§ **Exercise instructions**: Write only the count of lines that hold the word "with" in the listing.

§ **Task input**:
┄┄┄┄┄┄┄┄┄┄┄┄┄┄┄┄┄┄┄┄

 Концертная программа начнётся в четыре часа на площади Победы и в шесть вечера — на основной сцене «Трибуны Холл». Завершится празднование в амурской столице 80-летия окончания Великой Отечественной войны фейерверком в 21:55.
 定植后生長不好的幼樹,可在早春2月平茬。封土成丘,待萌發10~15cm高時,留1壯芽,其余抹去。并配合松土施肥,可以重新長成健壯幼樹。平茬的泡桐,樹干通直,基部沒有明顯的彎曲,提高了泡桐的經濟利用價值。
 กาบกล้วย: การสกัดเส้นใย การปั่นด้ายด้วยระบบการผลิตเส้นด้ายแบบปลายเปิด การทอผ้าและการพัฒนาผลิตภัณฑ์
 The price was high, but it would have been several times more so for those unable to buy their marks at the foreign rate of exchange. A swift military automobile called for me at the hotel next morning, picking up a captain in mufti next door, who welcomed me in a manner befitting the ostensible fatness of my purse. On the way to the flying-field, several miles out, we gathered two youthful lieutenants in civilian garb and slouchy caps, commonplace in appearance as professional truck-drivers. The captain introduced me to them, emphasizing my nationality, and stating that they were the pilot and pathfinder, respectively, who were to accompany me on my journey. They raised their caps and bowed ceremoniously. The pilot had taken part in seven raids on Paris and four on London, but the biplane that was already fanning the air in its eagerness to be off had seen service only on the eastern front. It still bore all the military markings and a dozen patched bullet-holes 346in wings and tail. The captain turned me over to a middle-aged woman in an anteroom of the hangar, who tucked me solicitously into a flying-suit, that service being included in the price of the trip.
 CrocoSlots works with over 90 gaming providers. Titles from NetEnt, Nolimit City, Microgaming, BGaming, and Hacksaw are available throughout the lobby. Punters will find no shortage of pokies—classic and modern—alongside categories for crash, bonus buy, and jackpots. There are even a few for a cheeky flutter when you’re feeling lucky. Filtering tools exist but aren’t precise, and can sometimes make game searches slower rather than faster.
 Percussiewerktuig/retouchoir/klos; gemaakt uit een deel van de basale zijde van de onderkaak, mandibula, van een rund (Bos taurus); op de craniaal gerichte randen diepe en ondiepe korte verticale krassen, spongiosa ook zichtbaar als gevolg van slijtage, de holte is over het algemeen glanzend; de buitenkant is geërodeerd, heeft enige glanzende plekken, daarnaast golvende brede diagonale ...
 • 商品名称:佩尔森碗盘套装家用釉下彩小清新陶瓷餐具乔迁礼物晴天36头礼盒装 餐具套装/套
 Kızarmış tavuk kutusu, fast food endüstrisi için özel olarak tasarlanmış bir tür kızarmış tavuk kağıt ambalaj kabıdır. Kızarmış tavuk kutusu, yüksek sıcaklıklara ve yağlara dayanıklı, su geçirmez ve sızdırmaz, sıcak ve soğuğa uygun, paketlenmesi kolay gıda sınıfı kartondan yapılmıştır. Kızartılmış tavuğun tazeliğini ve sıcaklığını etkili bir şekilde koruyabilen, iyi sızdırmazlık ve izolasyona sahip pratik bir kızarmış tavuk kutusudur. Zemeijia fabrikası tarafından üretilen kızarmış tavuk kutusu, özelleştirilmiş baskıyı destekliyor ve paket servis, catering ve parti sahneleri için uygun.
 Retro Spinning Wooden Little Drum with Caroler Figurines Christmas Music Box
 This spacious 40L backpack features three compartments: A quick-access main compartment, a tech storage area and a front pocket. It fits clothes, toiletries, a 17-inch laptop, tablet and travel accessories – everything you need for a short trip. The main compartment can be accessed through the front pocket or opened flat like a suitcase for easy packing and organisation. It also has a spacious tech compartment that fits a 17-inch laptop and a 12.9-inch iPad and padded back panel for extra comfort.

┄┄┄┄┄┄┄┄┄┄┄┄┄┄┄┄┄┄┄┄

§ **Output below**: 2